The main point I want to emphasize is that like a fisherman, you need to have patience. As of this writing, I have talked to no less than 8 women. That’s all in the last two weeks. 2 of them I have met for drinks, one I was supposed to meet and she flaked, a couple of others are still in the text/talk phase, and a couple are going nowhere fast.
Between work, my shows I do with Nick, Bull, Joe, and Jack, plus wanting “me” time to read, write, drink, and fucking sleep, I don’t have a ton of time to be bullshitting with the babes.
Part of that patience is also realizing that you’ll have “feast or famine” times. There’s been times in my past where I could “cast my line” and get nothing for literally months on end. Then out of nowhere, I get matches and women opening me and opportunities galore to the point that I can’t keep up with them.
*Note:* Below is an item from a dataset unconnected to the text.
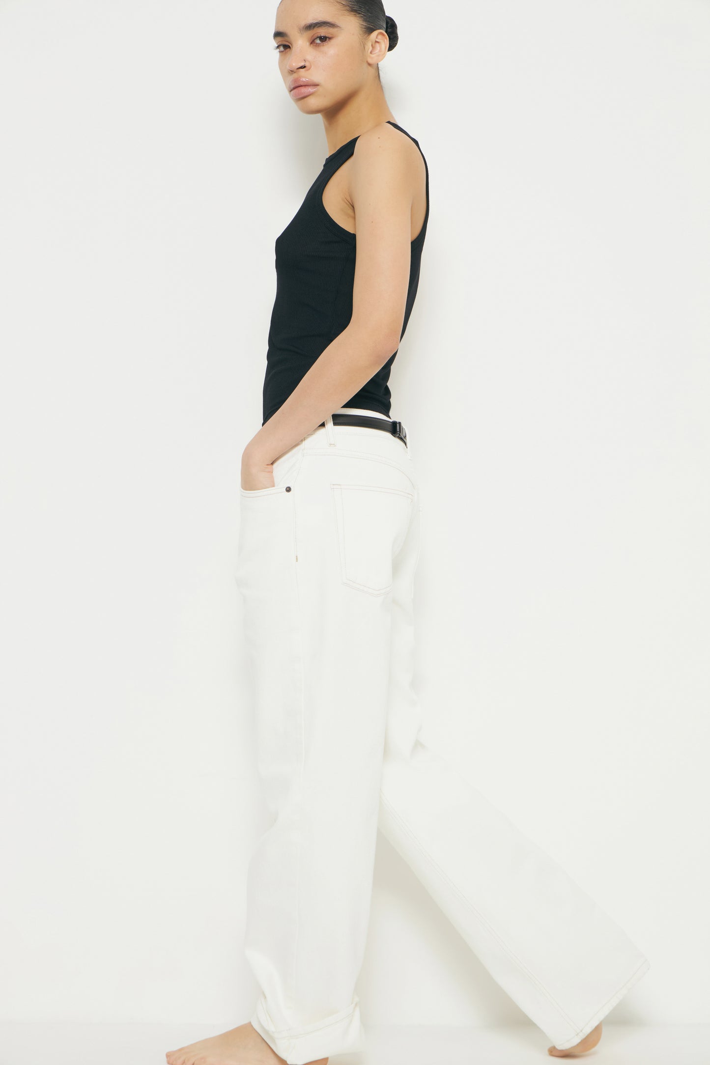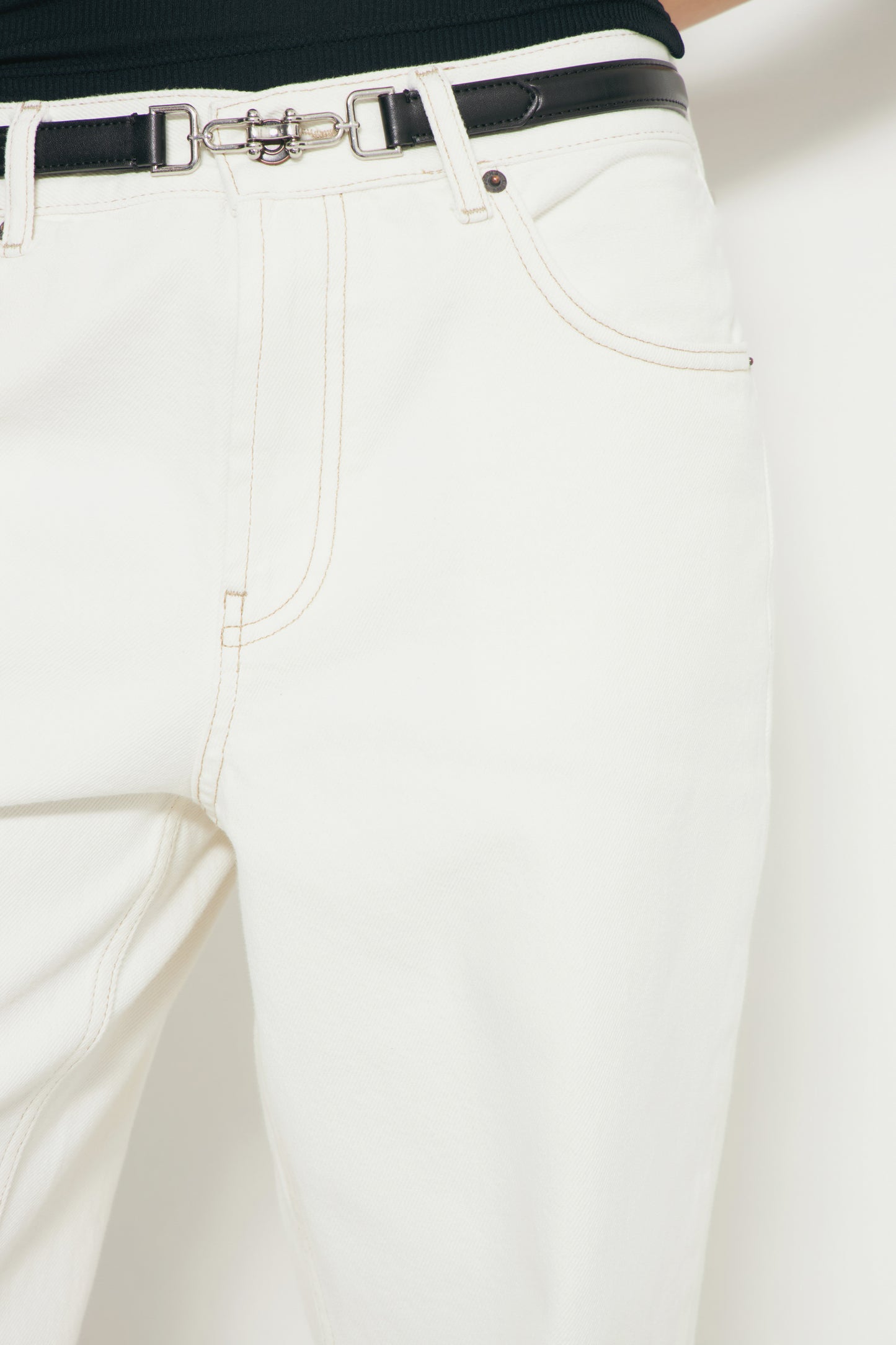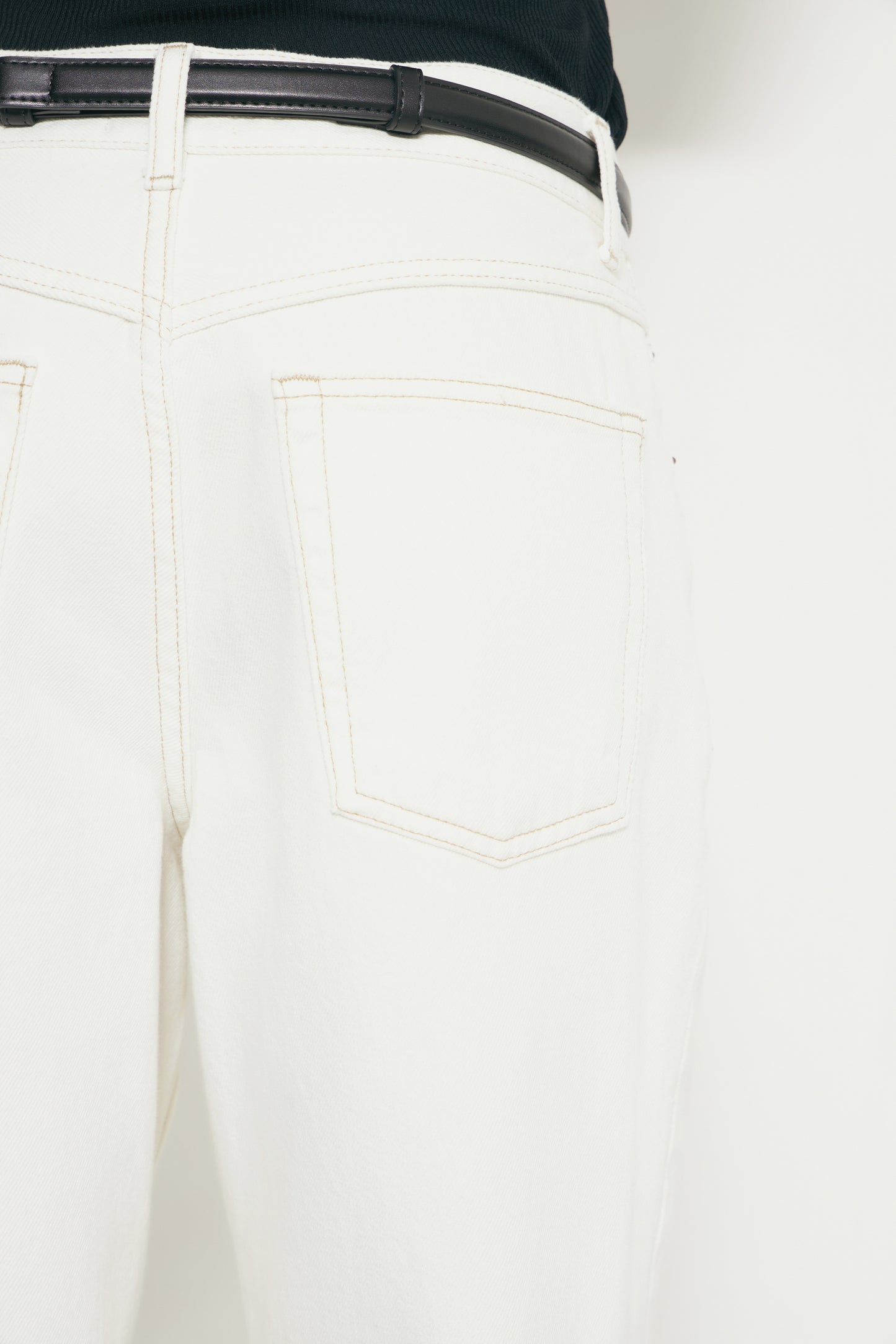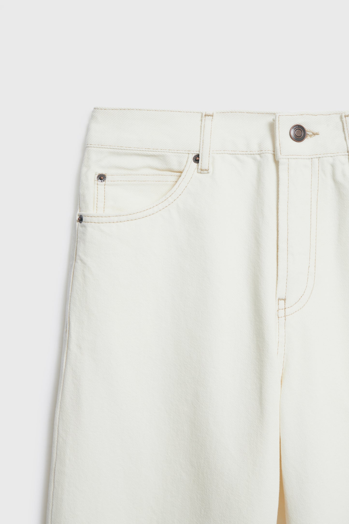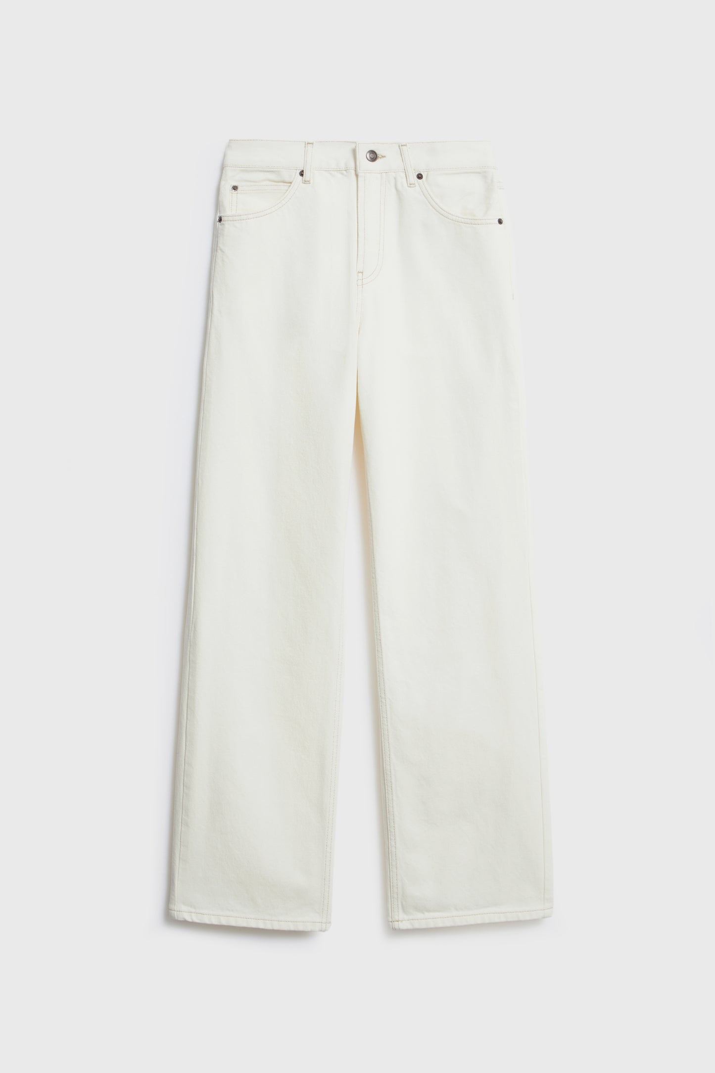 5-pocket jeans in cotton denim with a mid waist. Each bordered with tobacco-brown topstitching. Relaxed fit through the hip and thigh with tapered legs. Front zip fly and metal button fastening.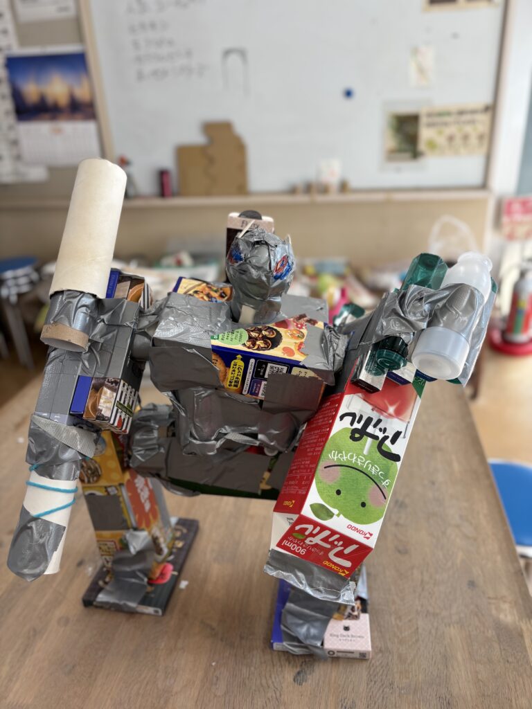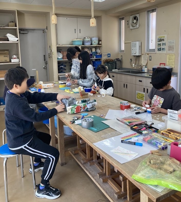 アート工房ごろごろで、久しぶりの自由工作をやりました。いつもなら、「〇〇をつくろう」というブログラムがあるので、どんな感じかなと思って見ていましたが、みんな材料を見て、どんどん作り始めました。作りながら、子どもたちに「今人気のユーチューバーって誰?」と質問したり、学校の話をしたり、わいわいとにぎやかに。でも全員集中して作っている時、とても静かになる時間があり「今は静かな時間だ!」とつぶやく子が。するとまたみんながしゃべりだして、一人の子が「手が動くときは口が動かないけど、口が動いているときは手が止まるんだよ。」なんて話をして一つのテーブル(作業台)でみんなー緒に作る空間がいいなあと感じました。

If I wanted to try that I would have to quit my job and just focus on pussy. So learn to have patience. In many ways, when it comes to online dating, you are playing a somewhat “long game.”
As a final thought: I have seen guys recently who have said some incredibly dense and stupid shit about how if a woman opens you, it’s “masculine.” Bullshit. It’s practically a done deal is what it is. She’s fucking interested, stupid. Don’t step on your own dick. The last women to open me, I have seen her a couple of times, she actually looks better in real life than she does in her pictures, and she hasn’t ghosted or flaked. She’s interested.
Do you know what types of women I find interesting and attractive? Women that are interested and attracted to me.
Learn patience and don’t step on your own dick.